**TASK**
Type the listing below out again exactly. No images.

**DATA BLOCK**
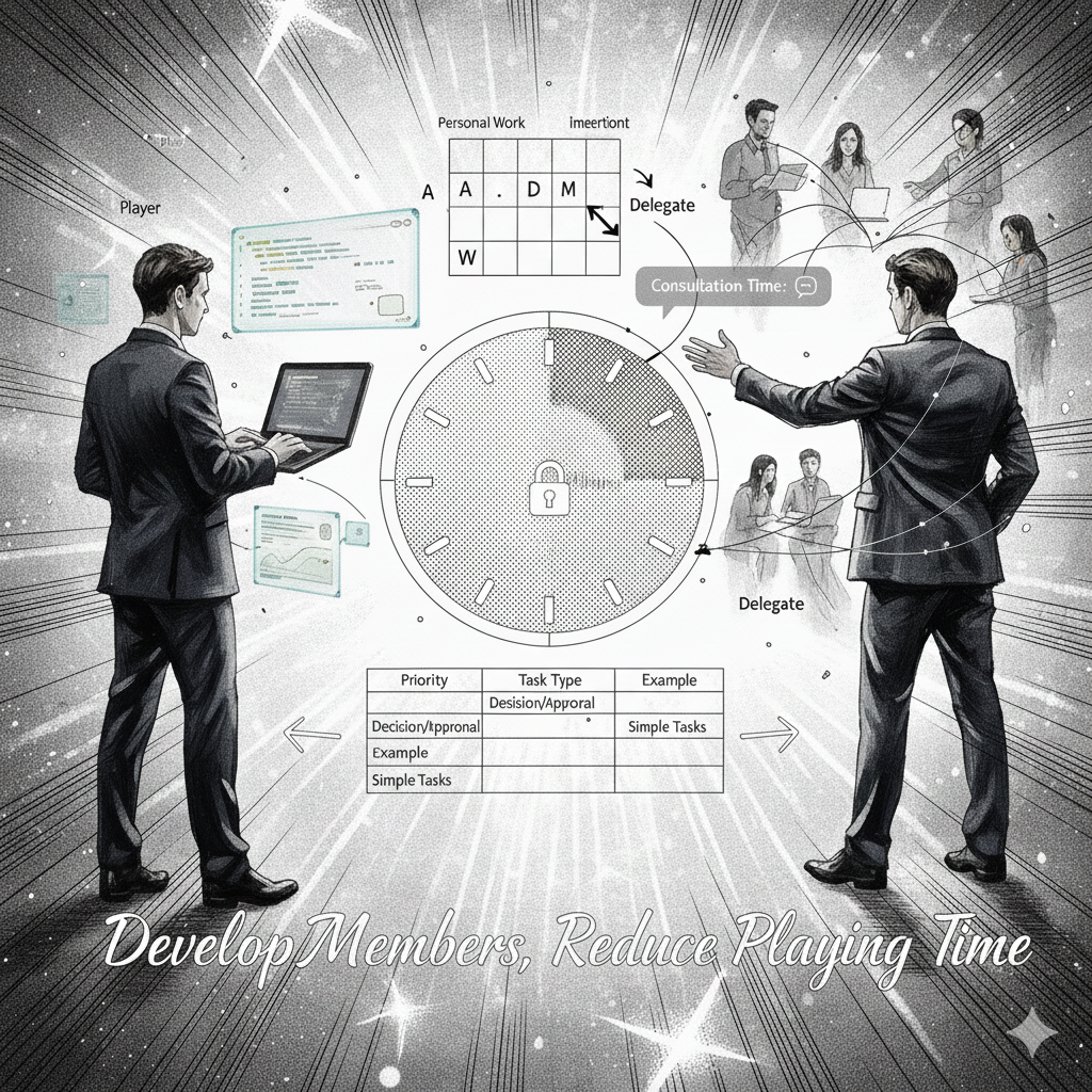 ・タスクの峻別: 全タスクを洗い出し「プレーヤー業務」と「マネージャー業務」に明確に分類します。
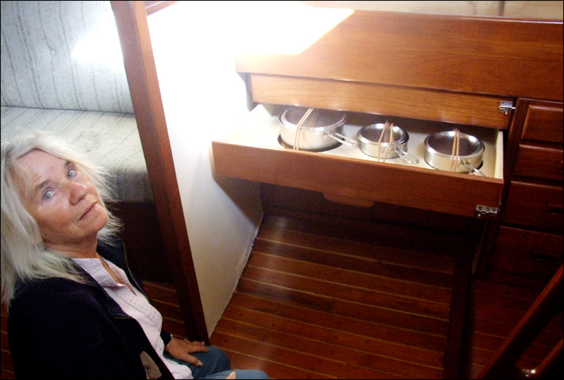 For example, I call Scott’s attention to the clever “en place” pots and pans storage in a cunning drawer beneath the nav station opposite the galley. Mattie tries to scramble out of the frame as I snap, shooting me a dirty look when I catch her. She doesn’t tell me I can’t take her picture, but I have a feeling that if I asked her to pose she’d give me a flat-out “no.” So I don’t ask.
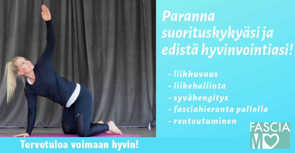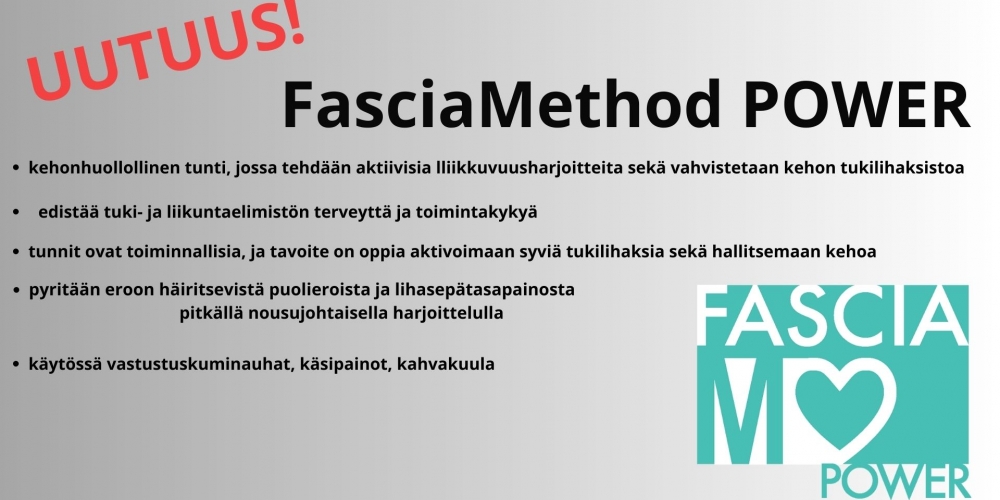 Syksy 2024, FasciaMethod- kehonhuoltoryhmä20.07.2024Suosittuun FasciaMethod- kehonhuoltoryhmään ilmoittautuminen alkanut! FasciaMethod on liikkuvuus- ja liikehallintaharjoittelua, jonka tavoitteena on edistää tuki- ja liikuntaelimistön terveyttä sekä toimintakykyä. Menetelmänä [ lue lisää ... ]

**SOLUTION BELOW**
 ・タスクの峻別: 全タスクを洗い出し「プレーヤー業務」と「マネージャー業務」に明確に分類します。
 For example, I call Scott’s attention to the clever “en place” pots and pans storage in a cunning drawer beneath the nav station opposite the galley. Mattie tries to scramble out of the frame as I snap, shooting me a dirty look when I catch her. She doesn’t tell me I can’t take her picture, but I have a feeling that if I asked her to pose she’d give me a flat-out “no.” So I don’t ask.
 Syksy 2024, FasciaMethod- kehonhuoltoryhmä20.07.2024Suosittuun FasciaMethod- kehonhuoltoryhmään ilmoittautuminen alkanut! FasciaMethod on liikkuvuus- ja liikehallintaharjoittelua, jonka tavoitteena on edistää tuki- ja liikuntaelimistön terveyttä sekä toimintakykyä. Menetelmänä [ lue lisää ... ]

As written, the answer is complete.